In children affected by Pyle's syndrome, follow-up care must ensure that the musculoskeletal system develops without any complications. In order to be able to treat an aggravation of the misalignment of the knee in good time, regular (at least every six months) clinical or outpatient x-rays must be taken and evaluated accordingly by specialists. Despite medical supervision, Pyle syndrome can still lead to severe restrictions on movement. In individual cases, prostheses may also have to be used to maintain mobility. The aftercare then focuses on dealing with the disease and the prostheses in everyday life. Basically, however, the Pyle syndrome does not reduce the life expectancy of those affected.
Aftercare
The subject of aftercare for Pyle syndrome is the continuation of therapeutic treatments and measures. The aftercare treatments are usually aimed at maintaining the mobility of the affected person's musculoskeletal system. In the majority of diseases, those affected can no longer properly straighten their knees.

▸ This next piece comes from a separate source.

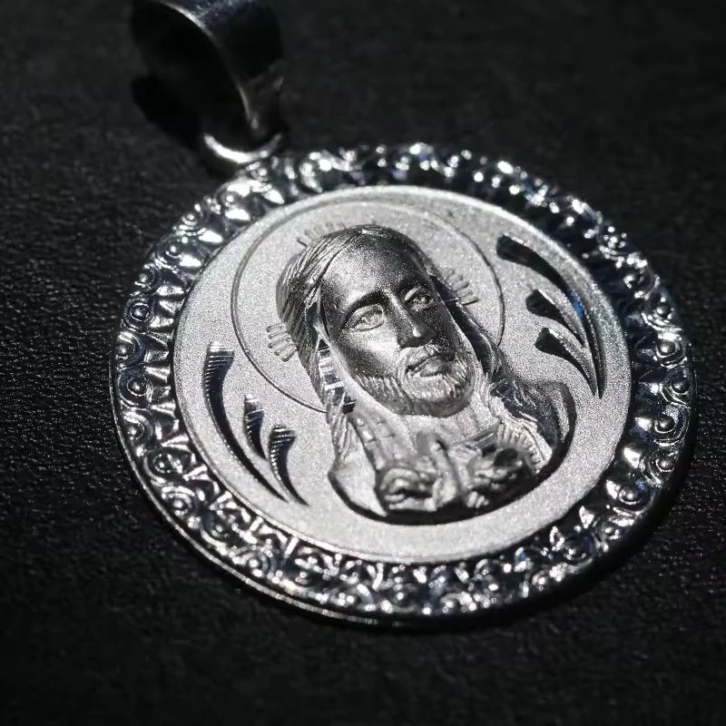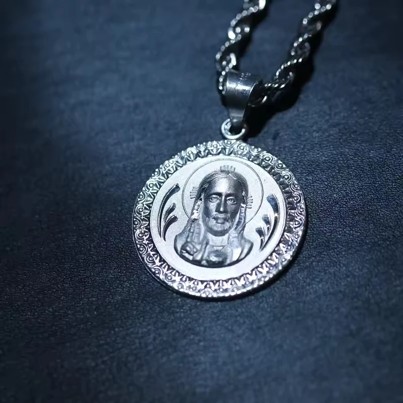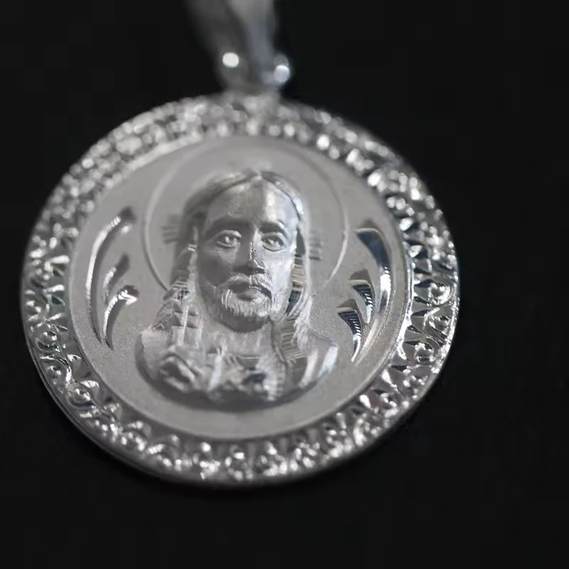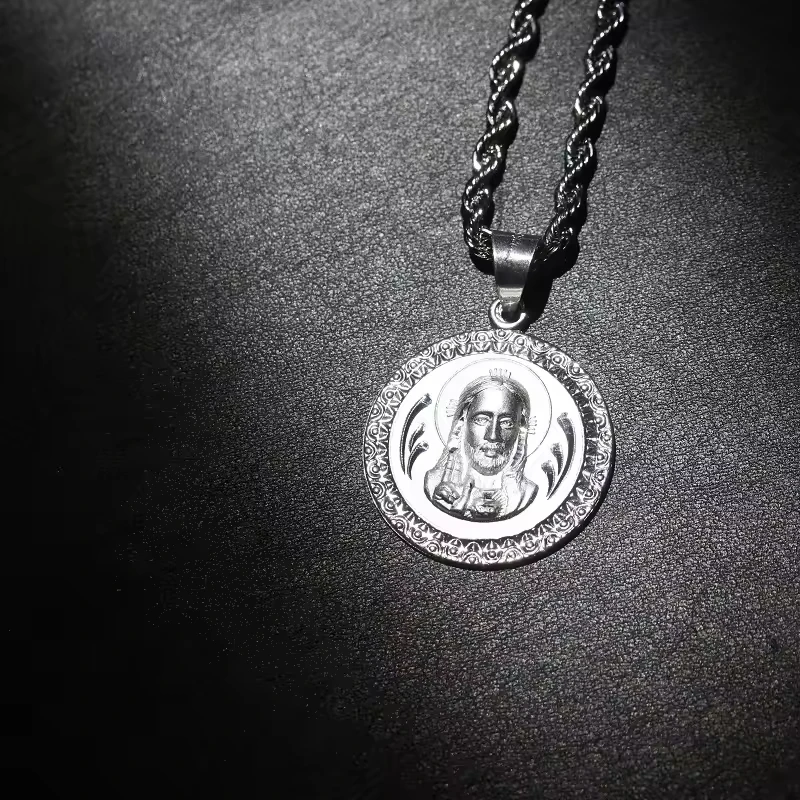 Fashion High Quality Hip Hop Jewelry 18k Gold Plated Sterling Silver Zircon Round Jesus Pendant Necklace for Men

In these mild cases of illness, further medical examinations are often no longer necessary. Because neither complications nor difficulties are to be expected in the everyday life of the person concerned. Basically, however, measures should be taken to prevent osteoarthritis in the knee (gradual wear and tear of the cartilage in the knee joint). A balanced diet that is low in fat and gentle on the joints can help here. Obesity should also be avoided.
In children affected by Pyle's syndrome, follow-up care must ensure that the musculoskeletal system develops without any complications. In order to be able to treat an aggravation of the misalignment of the knee in good time, regular (at least every six months) clinical or outpatient x-rays must be taken and evaluated accordingly by specialists.
Despite medical supervision, Pyle syndrome can still lead to severe restrictions on movement. In individual cases, prostheses must also be used to maintain mobility. The aftercare then focuses on dealing with the disease and the prostheses in everyday life. Basically, however, the Pyle syndrome does not reduce the life expectancy of those affected.